Browse > Home / Archive: May 2008

| Subcribe via RSS

Loading a byte-length delimited text file in MySQL and CF

May 10th, 2008 | No Comments | Posted in ColdFusion, MySQL, Technology

I’ve had a few projects that require loading large text files with byte-length fields into MySQL. That means that there are no delimiters for the fields, they’re just always a certain number of characters. As far as I can tell, the MySQL tools need field delimiters in order to use load_data_infile or the import tool. Therefore my current solution was to read each line, parse it, insert it, and repeat. In each case I also had to do some transformations on the data before it was final, like converting ISBN from short to long formats.
I’ve always know this was slow, particularly with 500,000 records in a file to parse. I’m thinking of two alternatives, and I’m going to test to see which is faster. One would be mysqlimport the file into a temp table where each line is a single field. Then I would wither use CF or SQL to parse the longer fields one at a time. I’m not sure that this removes the multiple insert bottleneck, I expect it wouldn’t be much better.
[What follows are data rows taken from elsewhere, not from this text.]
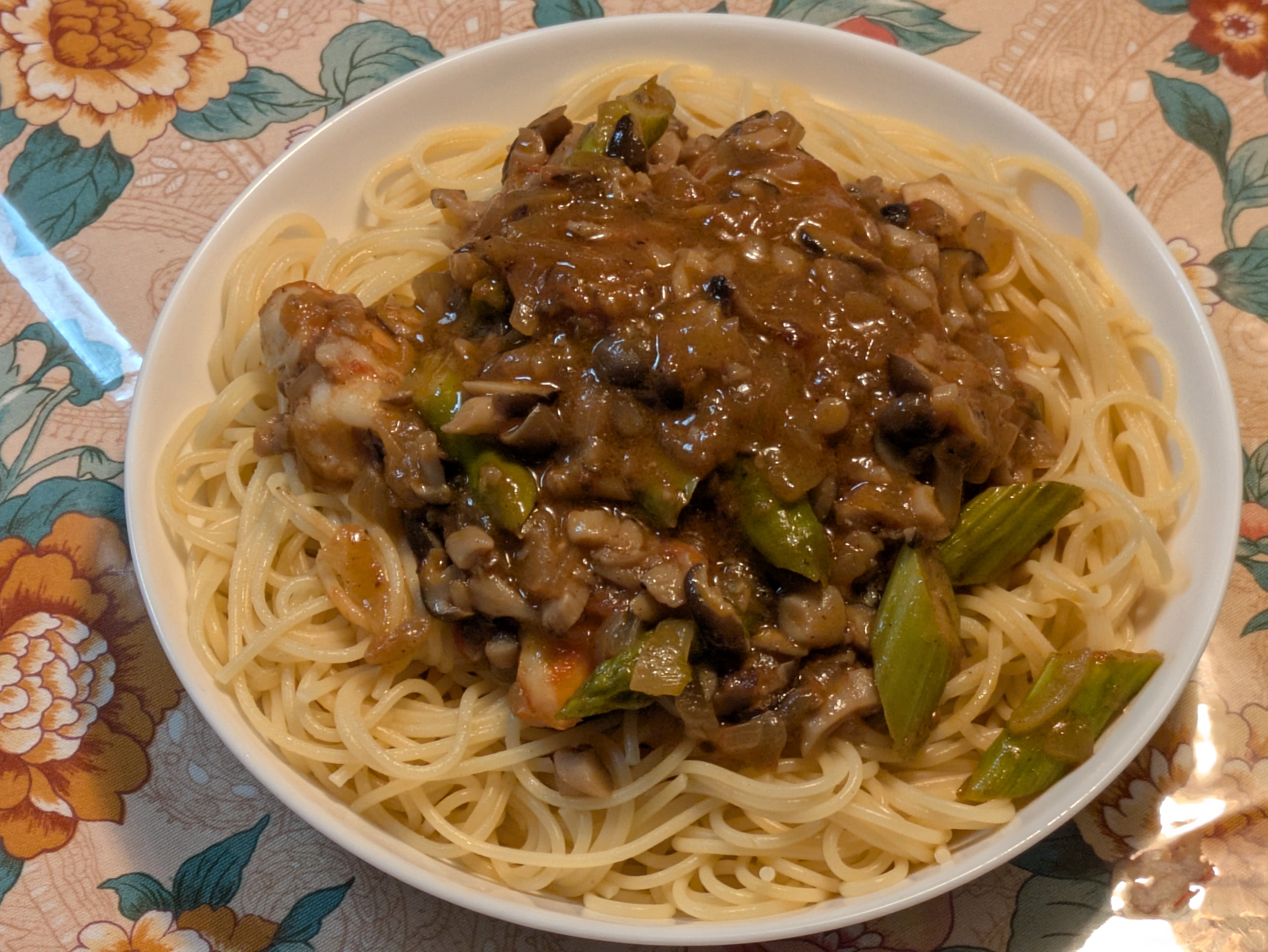 画像は、そうして完成したソースを茹で上がったパスタにかけたもの。
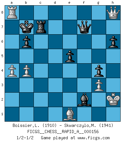 Last move : 1/2-1/2 2014 April 10 17:53:10 [Event "FICGS__CHESS__RAPID_A__000156"] [Site "FICGS"] [Date "2014.01.24"] [Round "1"] [White "Boissier,Lucien"] [Black "Skwarczylo,Marek"] [Result "1/2-1/2"] [WhiteElo "1910"] [BlackElo "1941"] 1.e4 c5 2.Nf3 Nc6 3.Bd3 g6 4.c3 Bg7 5.O-O Nf6 6.Bc2 d5 7.e5 Nd7 8.d4 O-O 9.Re1 e6 10.h3 cxd4 11.cxd4 f6 12.exf6 Nxf6 13.Nc3 a6 14.Bg5 Qd6 15.Rc1 Bd7 16.a3 Nh5 17.Be3 Rac8 18.Ng5 Nf4 19.g3 h6 20.Nf3 Nxh3+ 21.Kg2 g5 22.Qd3 Rf5 23.Rh1 Rxf3 24.Qh7+ Kf8 25.Kxf3 e5 26.Kg2 Nxd4 27.Rxh3 Bxh3+ 28.Kxh3 Qe6+ 29.Kh2 Nxc2 30.Rxc2 d4 31.Bd2 dxc3 32.Bxc3 Rc6 33.Bb4+ Kf7 34.Rd2 g4 35.Kg2 Kf6 36.a4 Rb6 37.Bc3 Rd6 38.Re2 Rd5 39.Re4 Kf7 40.Rc4 Rd7 41.Rb4 a5 42.Re4 Ke8 43.b3 b6 44.Rc4 Bf8 45.Rc8+ Rd8 46.Rc7 Rd1 47.Kh2 Qf6 48.Be1 Qe6 49.Ra7 Be7 50.Ra8+ Rd8 51.Qh8+ Kd7 52.Ra7+ Kc8 53.Qh7 Rd7 54.Ra8+ Kb7 55.Qh8 Rc7 56.Bxa5 Bc5 57.Be1 Qf7 58.b4 Bxf2 1/2-1/2 Sicilian defense Kingside Castling by player White (move 5) Kingside Castling by player Black (move 8) This chess game ended in a draw. Follow this game move after move (download)One of these modest little moves may be more embarrassing to your opponent than the biggest threat. (Siegbert Tarrasch) Ein guter Spieler hat immer Glück. (José Raúl Capablanca) La táctica fluye a partir de una posición superior. (Bobby Fischer) À la honte des hommes, on sait que les lois du jeu sont les seules qui soient partout justes, claires, inviolables et exécutées. Pourquoi l'Indien qui a donné les règles du jeu d'échecs est-il obéi de bon gré dans toute la terre, et que les décrétales des papes, par exemple, sont aujourd'hui un objet d'horreur et de mépris ? C'est que l'inventeur des échecs combina tout avec justesse pour la satisfaction des joueurs, et que les papes, dans leurs décrétales, n'eurent en vue que leur seul avantage. L'Indien voulut exercer également l'esprit des hommes et leur donner du plaisir; les papes ont voulu abrutir l'esprit des hommes. Voltaire (Dictionnaire philosophique / Garnier 1967) . 'gn is not allowed in chess unless n is an integer between 1 and 8 inclusive, where 1 and 8 are to interpreted as the standard numerals standing for integers in the ordered real-closed field R, with the *canonical* ordering. (As opposed to, say, an integer in the domain Z[2+i*sqrt(5)] or an integer in some exotic Grothendieck topos). (Normajean Yates)
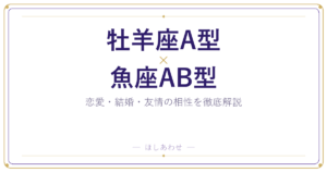 牡羊座A型と魚座O型の総合相性は★4つ。星座同士の位置関係はすれ違いが生まれやすい配置ですが、A型とO型という血液型の組み合わせがとても良く、星座の壁を大きくカバーしてくれる関係です。
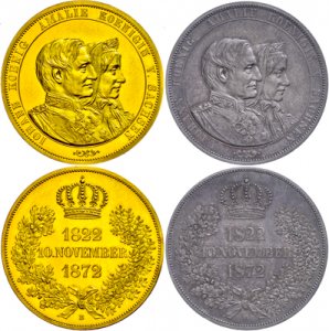 Saxony gold off-metal strike of the double thaler 1872

The second would be to read and parse each line and then write it back to a text file with proper delimiters and all the data converted. Then I’d mysqlimport the text file. The question here is which is faster – multiple inserts or appending lines to a large text file?
Update – I figured loading the file would be faster than all those queries, but the difference was pretty stark. I thought the benefit of the bulk import might be offset by writing so many lines to a text file. Seems not so much. The old way took over 90 seconds on 66,000 lines. The append-bulk import method took about 9 seconds. Now I get to rewrite a few import routines.

  Last modified: June 6, 2008 @ 6:40 am